Utilize PTR register 120, NP register 130 and comparing section 150 and become and to adopt the longest consensus method, when being the Chinese character conversion, it is the 1st preferential making the many words of syllabication number, it is the 2nd preferential to allow earlier the Chinese character of input syllable be transformed to again, about the method, owing to be the present patent application people disclosed known technology in Japan of once applying for special permission (application number is willing to flat 5-75911, specially be willing to flat 5-75912 for special) etc. in addition, so save its explanation.
Also some content is also saved detailed description because of identical with the Japan word processor, for example: if the data registration in the dictionary portion 180 press the mark with phonetic symbols character fixed priority, the order that the syllabication number is few, and the Chinese word corresponding with same mark with phonetic symbols character have under a plurality of situations, allow high the showing earlier of usage frequency; Require the importer limit to show that referring to the mark with phonetic symbols character of having imported on the CRT limit keypad carries out the input of input part 100; Dictionary portion 180 is made of high-speed semiconductor memory, disk etc.; Efferent 190 is made of CRT, Printing Department etc.; Carry out the retrieval of search part etc. with the electronics counter point.
Have, much less also additional have because of Chinese character conversion make mistakes disposal when exporting the Chinese character that non-importer wants and learning functionality etc., because also be that well-known technology is saved its explanation again.

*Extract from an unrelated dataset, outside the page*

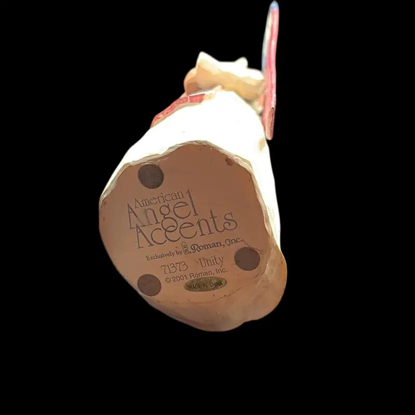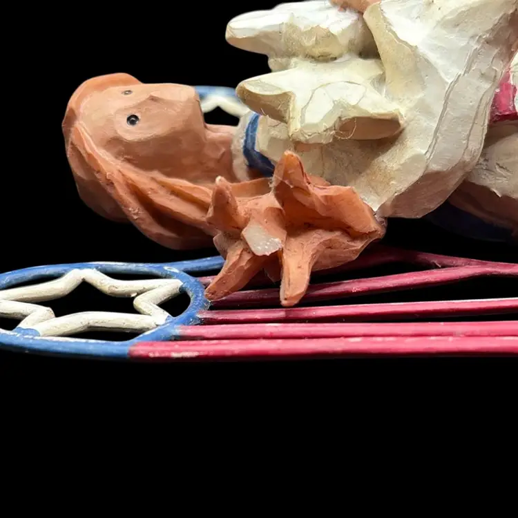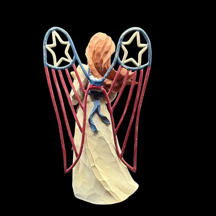2001 resin angel featuring carved folk-art style look. End of one hair strand is missing tip. See photo.

Yet, Chinese-characters changing device as described above, owing to carry out the Chinese character conversion with the longest consensus method, for input mark with phonetic symbols character string, at first to begin to pass backward one by one becoming under the maximum word length of transforming object from initial input syllable, cut and to be used for the syllable Chinese character conversion and that become searching object dictionary portion in, next must make this word length reduce to carry out on the basis identical retrieval one by one again.Therefore, various efficient such as Chinese character conversion rate, accuracy are not so good.Especially in the input article, do not have under two above word situations of literal, descend all the more with the Chinese character conversion accuracy of this article of mark with phonetic symbols string representation.For example, when input " wo3de5 jia1 zai4 shan1 de5 na4 tou2 ", if the word length of registering in the dictionary portion, and then the maximum word length that will become Chinese character conversion searching object is 7, then in order to detect word from dictionary portion, at first cutting out length successively by preceding beginning is 7 syllable string " wo3 de5 jia1 zai4 shan1 de5 na4 ", " de5 jia1 zai4shan1 de5 na4 tou2 ", if there is not corresponding word, then cutting out length, to subtract 1 by 7 be 6 syllable string " wo3 de5 jia1 zai4 shan1 de5 ", " de5jia1 zai4 shan1 de5 na4 ", " jia1 zai4 shan1 de5 na4tou2 ", below cut out length in the same manner and be 5 syllable string " wo3 de5 jia1 zai4shan1 ", " de5 jia1 zai4 shan1 de5 ", if can not cut length is 1 syllable " Wo3 ", " de5 ", " jia1 ", " zai4 ", " shan1 ", " de5 ", " na4 ", " tou2 ", then can not detect corresponding word " I ", " ", " family ", " ", " mountain ", " ", " that ", " head ", and after detecting above-mentioned corresponding word, the result of output Chinese character conversion " my family is at that head on mountain ".In this case, in fact because the Chinese character of corresponding same syllable often exists a plurality ofly, no matter from the conversion rate aspect, or the accuracy aspect sees that it is very poor that conversion efficiency all becomes.Purpose of the present invention is desired head it off, provides a kind of conversion efficiency good Chinese-characters changing device.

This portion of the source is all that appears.